Found new dashboard test flakes for:
#!watchflakes
post <- goos == "netbsd" && (`SIGQUIT` || `panic: test timed out`)
Found new dashboard test flakes for:
#!watchflakes
post <- goos == "netbsd" && (`SIGQUIT` || `panic: test timed out`)
Found new dashboard test flakes for:
#!watchflakes
post <- goos == "netbsd" && (`SIGQUIT` || `panic: test timed out`)

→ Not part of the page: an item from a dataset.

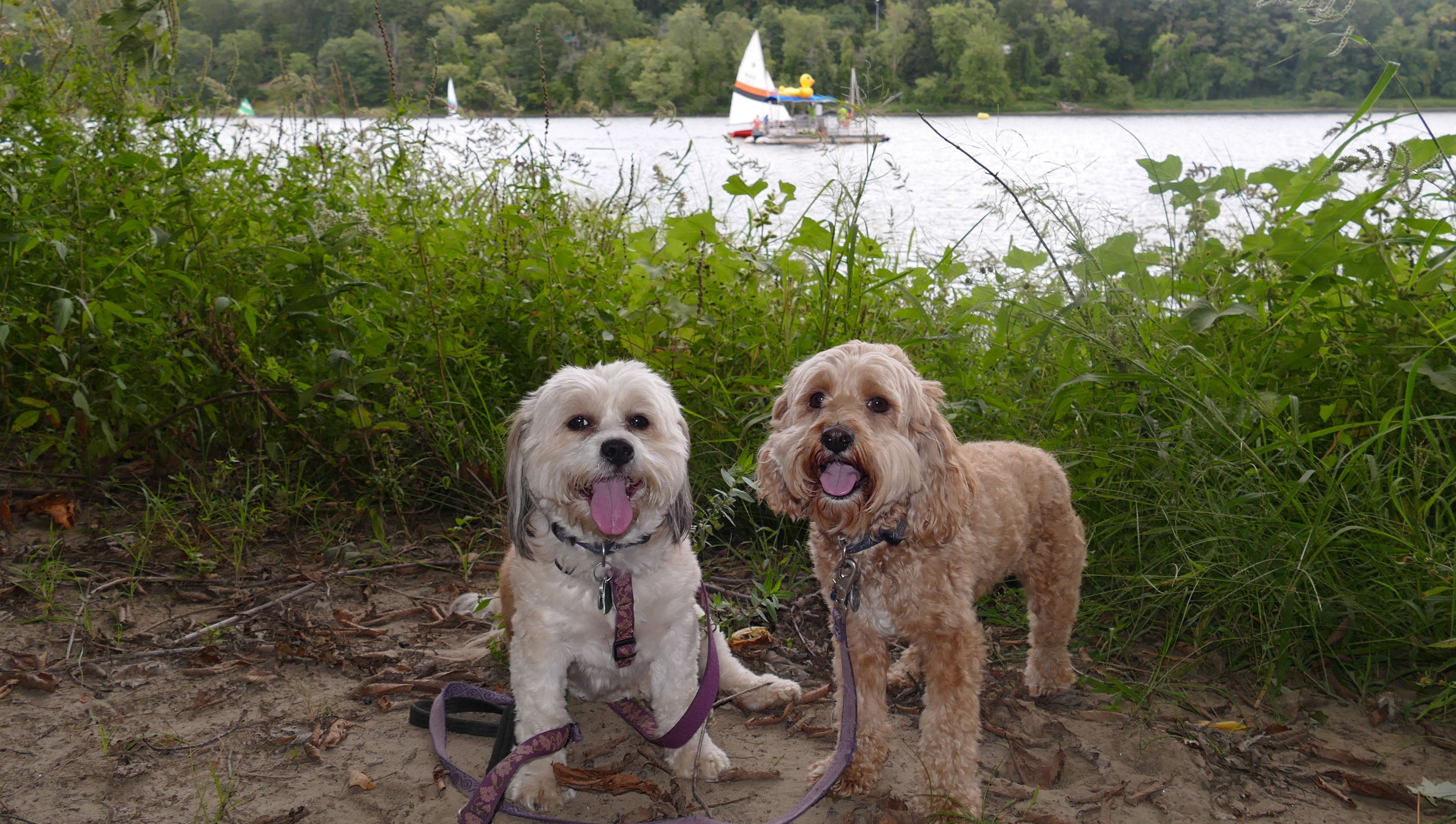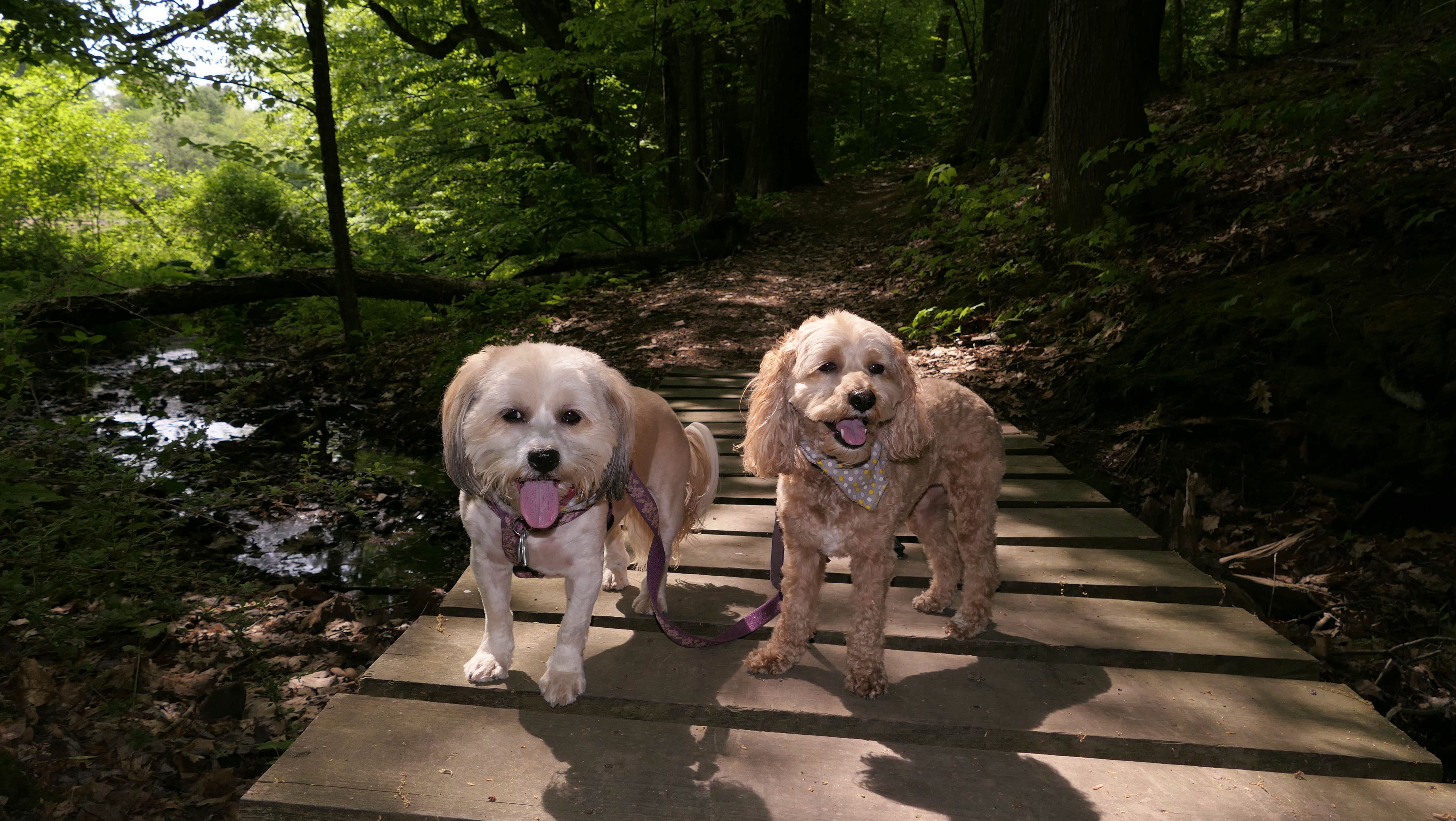 This is a very nice State Park located in the Feeding Hills section of Agawam. There is an extensive series of trails. We walked the "Small Waterfall Loop" trail. The waterfall was pretty small. A friend went with us on this hike, so the dogs showed off by cooperating much more than usual for the photos!

Found new dashboard test flakes for:
#!watchflakes
post <- goos == "netbsd" && (`SIGQUIT` || `panic: test timed out`)
Those more recent x/tools
failures are a different root cause (fallout from #47257, which may require the slower builders to set a longer timeout scale for tests that load compiled export data for all of std
).
Filed #56967 for the x/tools
timeouts.
Found new dashboard test flakes for:
#!watchflakes
default <- goos == "netbsd" && (`SIGQUIT` || `panic: test timed out`)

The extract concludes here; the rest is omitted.